Rohnert Park budget looking up

Rohnert Park officials report slightly increased tax revenues and decreased costs - largely achieved through employee wage and benefit concessions - as the city approaches the start of its new budget year.

The budget is the subject of public hearing Tuesday at 4 p.m. at City Hall.

The proposed 2012-2013 general fund budget has expenses that exceed revenues by $2.25 million, but the city will start the budget cycle with enough cash carried over from the current year to cover that deficit, said City Manager Gabe Gonzalez.

"We've come a long ways," said Gonzalez, whom councilmembers credit with steering a financial turnaround for a city that faced a $9 million deficit four years ago.

"He has looked at the budget in a totally different way," said Councilman Joe Callinan.

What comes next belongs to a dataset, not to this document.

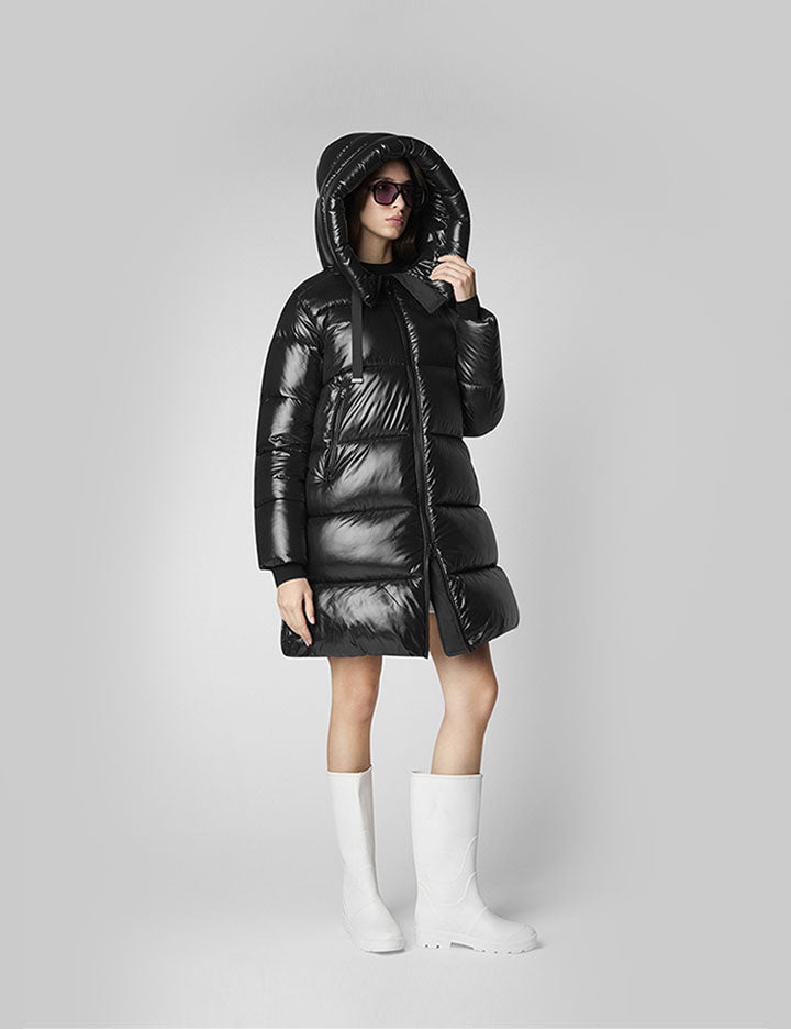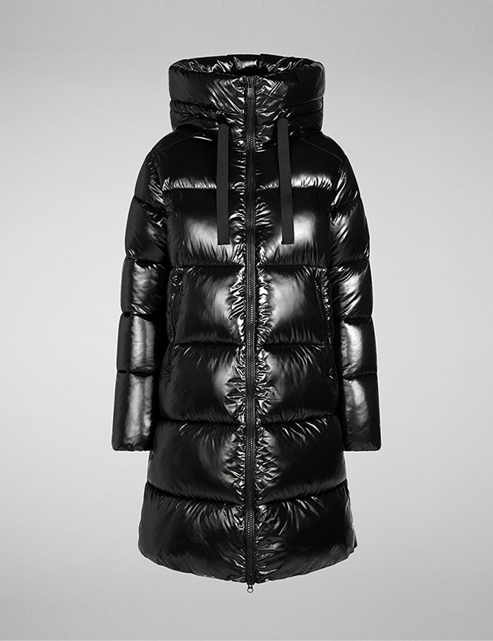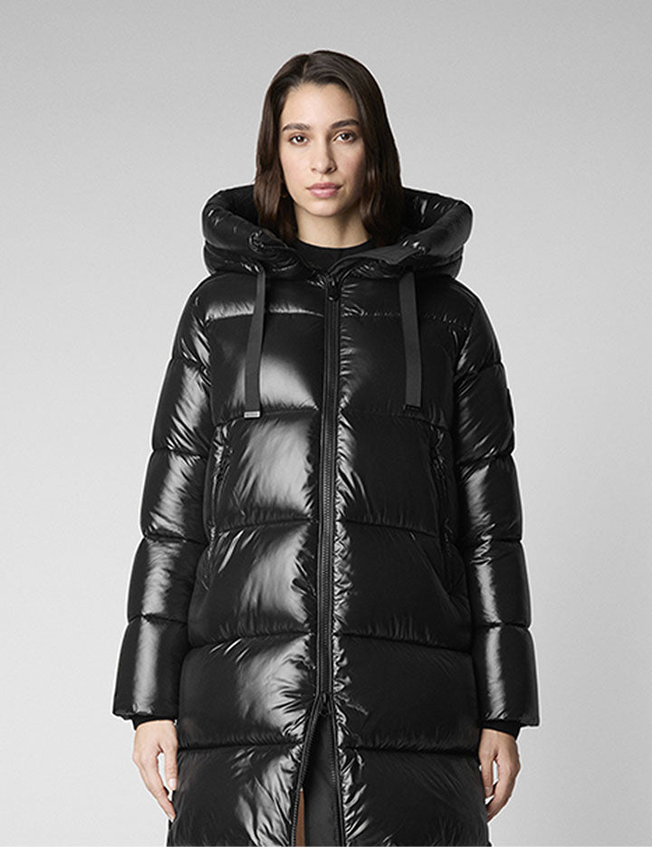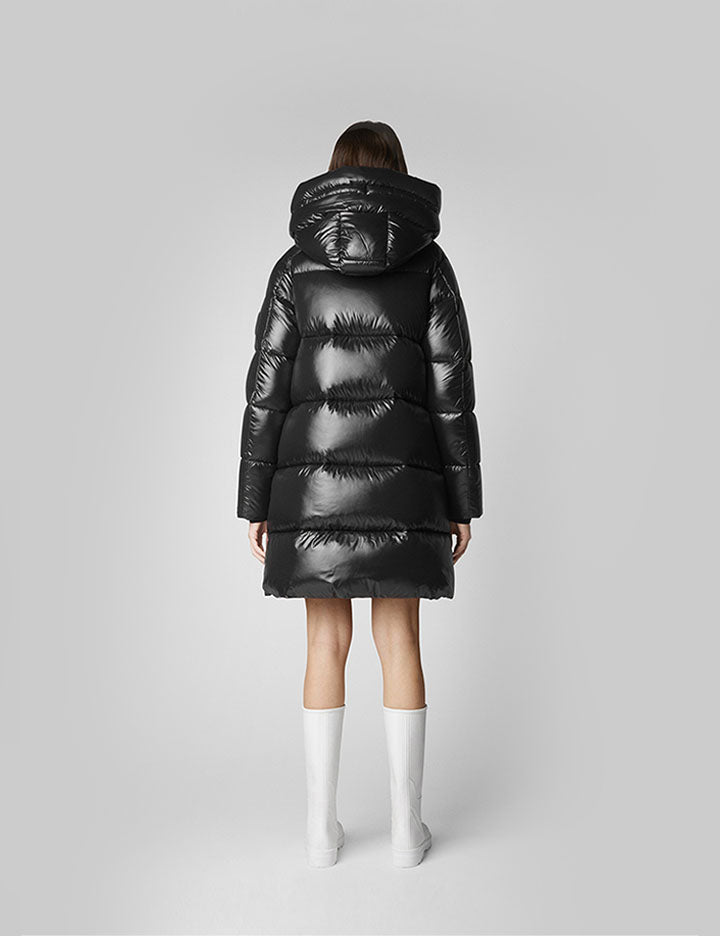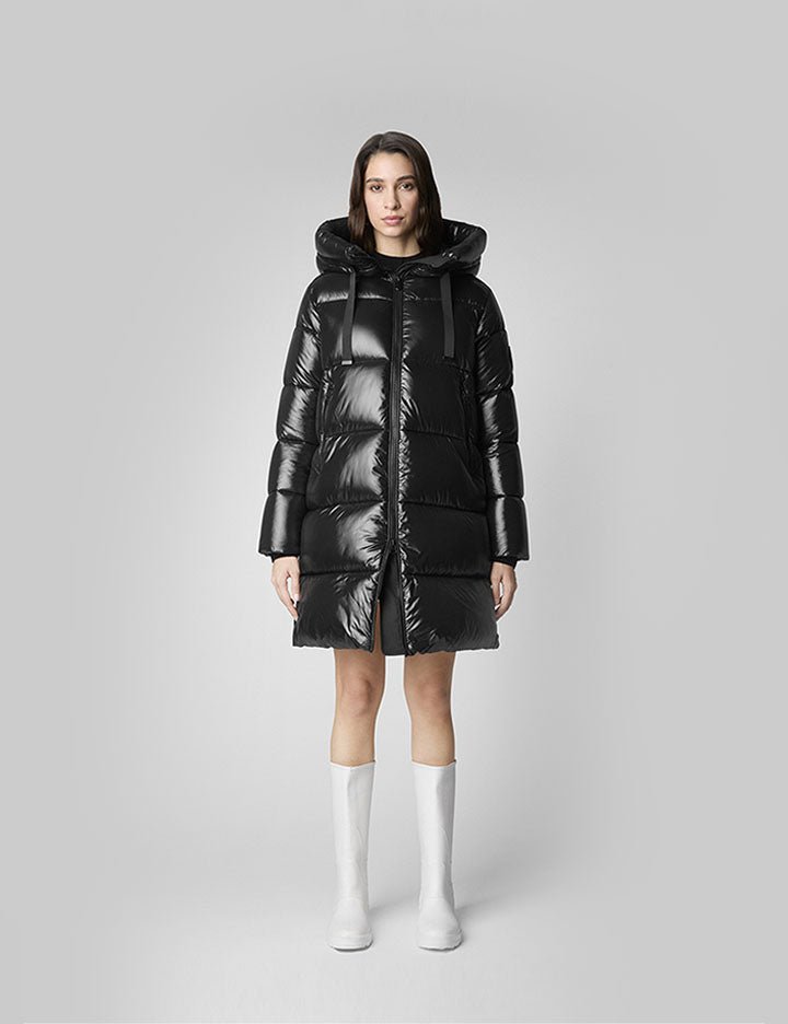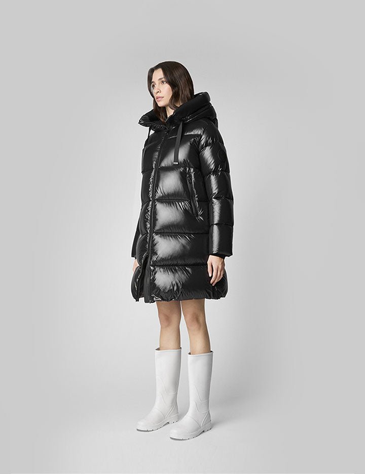 Con la sua lunga lunghezza e la finitura lucida, il piumino Isabel rappresenta un approccio moderno al capospalla. Ha l'imbottitura in piuma Animal Free, il cappuccio con coulisse, il collo alto, la chiusura frontale con cerniera e le pratiche tasche con cerniera.

The $26.1 million budget - $200,000 less than this year - projects increases in sales and property tax revenues and a 9.7 percent reduction in general government spending.

"It's bare bones, there's no fat," Gonzalez said.

A major difference, he said, is that the city is now using a method known as zero-based budgeting. That means departments don't make budget requests starting from the previous year's spending. Instead, they start from zero and build their requests with each spending item.

That, Gonzalez argues, makes for a more realistic and accountable process.

John Borba, a planning commissioner and former council candidate, said the city needs to redirect its priorities toward attracting higher-paying employers.

"We can't be looking at a year-to-year budget, we have to be looking longterm," he said. "Really what we need is a longterm plan to bring about decent job growth."

Callinan sounded a similar note, saying, "We can't cut any more than we have."

He said the city has to capitalize on the planned launch in the fall of full operations at Sonoma State University's Green Music Center and also on the proposed Indian casino, for which ground could be broken this summer on the city's west side.

The music center is "going to be a bundle of cash for us if we do it right," he said. "And the casino is coming, unfortunately ... so we need to attract some of those dollars."